→ Records supplied
__________
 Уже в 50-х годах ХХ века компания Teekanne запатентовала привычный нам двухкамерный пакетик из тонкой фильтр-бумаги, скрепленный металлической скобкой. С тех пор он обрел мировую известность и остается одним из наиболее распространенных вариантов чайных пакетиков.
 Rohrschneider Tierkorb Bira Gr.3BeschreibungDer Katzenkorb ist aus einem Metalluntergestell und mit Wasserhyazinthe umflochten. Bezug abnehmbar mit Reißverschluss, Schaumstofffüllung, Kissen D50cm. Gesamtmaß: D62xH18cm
__________
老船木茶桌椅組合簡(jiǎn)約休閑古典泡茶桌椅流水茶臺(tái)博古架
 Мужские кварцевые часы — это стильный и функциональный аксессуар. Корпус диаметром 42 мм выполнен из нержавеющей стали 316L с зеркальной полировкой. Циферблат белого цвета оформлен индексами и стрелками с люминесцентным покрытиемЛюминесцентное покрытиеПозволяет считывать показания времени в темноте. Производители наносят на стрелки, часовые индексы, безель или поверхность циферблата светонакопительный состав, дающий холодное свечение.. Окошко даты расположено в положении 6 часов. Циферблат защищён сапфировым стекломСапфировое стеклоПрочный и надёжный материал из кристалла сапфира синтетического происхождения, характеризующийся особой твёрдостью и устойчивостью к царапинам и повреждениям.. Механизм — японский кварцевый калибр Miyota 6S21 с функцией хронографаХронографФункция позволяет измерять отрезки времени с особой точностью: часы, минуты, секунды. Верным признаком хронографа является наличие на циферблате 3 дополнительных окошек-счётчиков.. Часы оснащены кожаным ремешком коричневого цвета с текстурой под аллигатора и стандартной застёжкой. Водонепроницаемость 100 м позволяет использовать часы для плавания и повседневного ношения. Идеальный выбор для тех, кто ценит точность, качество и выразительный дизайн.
__________
→ Directions
All that should be written out is the stretch of lines above between the one holding "Уже в 50-х годах" and the one holding "Rohrschneider Tierkorb Bira", inclusive, exactly as given.

→ Exercise answer
 Уже в 50-х годах ХХ века компания Teekanne запатентовала привычный нам двухкамерный пакетик из тонкой фильтр-бумаги, скрепленный металлической скобкой. С тех пор он обрел мировую известность и остается одним из наиболее распространенных вариантов чайных пакетиков.
 Rohrschneider Tierkorb Bira Gr.3BeschreibungDer Katzenkorb ist aus einem Metalluntergestell und mit Wasserhyazinthe umflochten. Bezug abnehmbar mit Reißverschluss, Schaumstofffüllung, Kissen D50cm. Gesamtmaß: D62xH18cm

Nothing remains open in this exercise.